Based on assumed acute cases isolated from untargeted sampling frames from 2010 onwards, with known country of origin (total N=9478 genomes). (a) Genotype prevalence by world region, 2010–2020. Countries contributing data are shaded in beige, and are grouped by regions as defined by the UN statistics division. (b) Annual genotype prevalence for countries with ≥50 genomes where typhoid is endemic. In both plots, colours indicate prevalence of Typhi genotypes, as per inset legend. Genotypes not exceeding 20% frequency in at least one country are aggregated as ‘other’. Full data on regional and national genotype prevalences, including raw counts, proportions, and 95% confidence intervals, are given in Supplementary files 5 and 6, respectively.

Genome size pre- and post-filtering, stratified by detection of an IncHI1 plasmid replicon marker.
(a) All assemblies examined (n=13,000). (b) Assemblies of genomes included in the analysis (n=12,965), inclusion criterion being size between 4.5 and 5.5 Mbp.

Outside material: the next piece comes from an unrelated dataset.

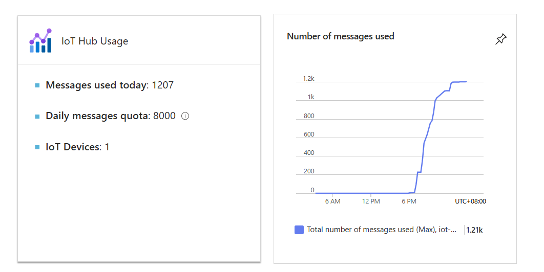 Note that our IoT hub cannot directly display the data content; it can only display the number of messages sent over, as shown in the figure: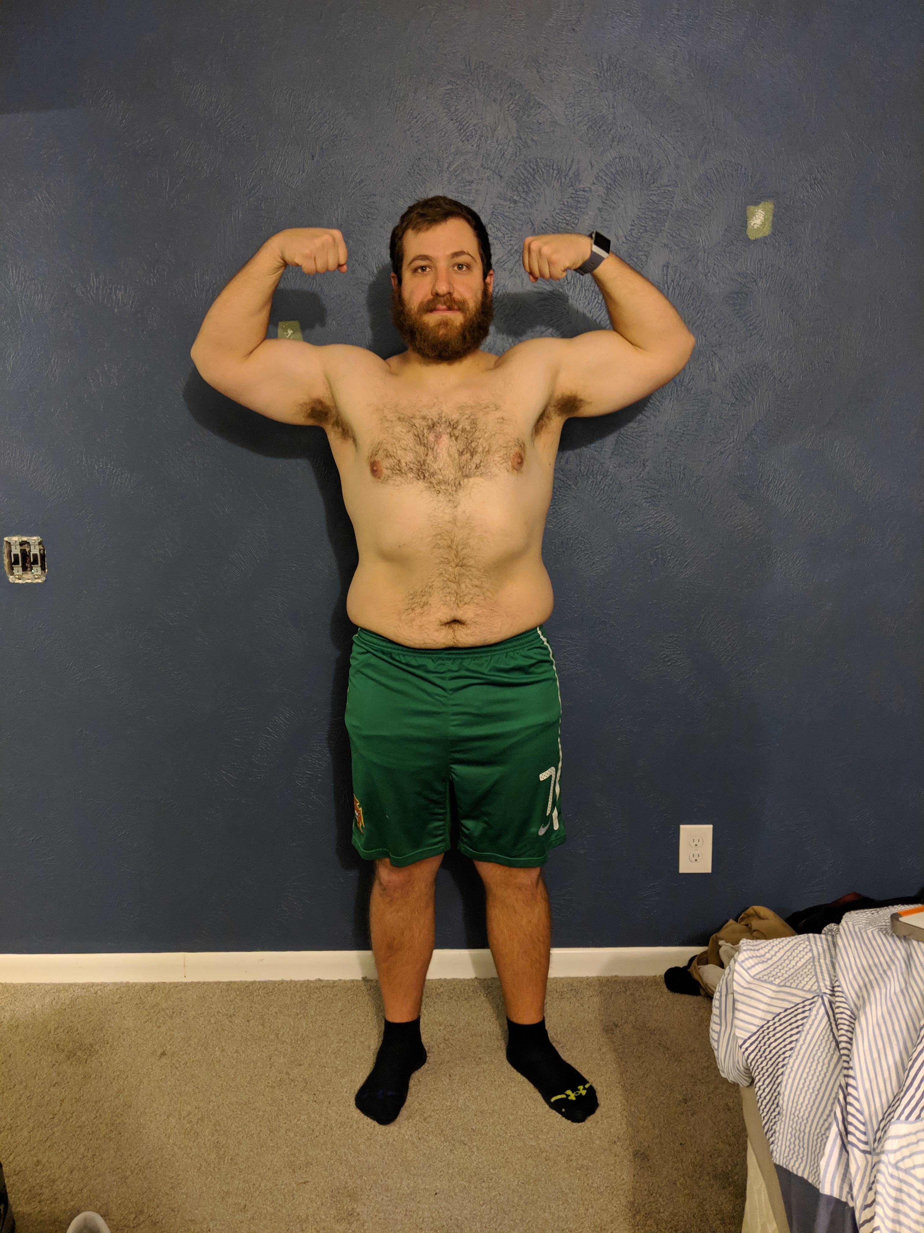 Shortly after my graduation in May of 2014, I knew there was a problem and I began my weightloss journey. After a year, I got down to 255 pounds, which I thought was good progress. However, that progress was stalled and I bounced around from 240-255. Fast forward to January of 2018, I weighed in at 255 pounds and that’s when I made a real commitment. I buckled down in the kitchen and the weightroom, and in August, I got all the way down to 220 pounds. However, as a football coach, I’m on the go 6 days a week, food prep got inconsistent during the season and now my weight has jumped back up to the 230s.

Annual breakdown of genotypes per world region, 2010–2020, for regions with ≥20 representative genomes.
Bars show genotype prevalence rates observed per annum, coloured as per inset legend. Genotypes present at ≥20% frequency in any country are indicated separately, rare genotypes are aggregated as ‘other’. Full data, including raw counts, proportions, and 95% confidence intervals, are available in Supplementary file 5.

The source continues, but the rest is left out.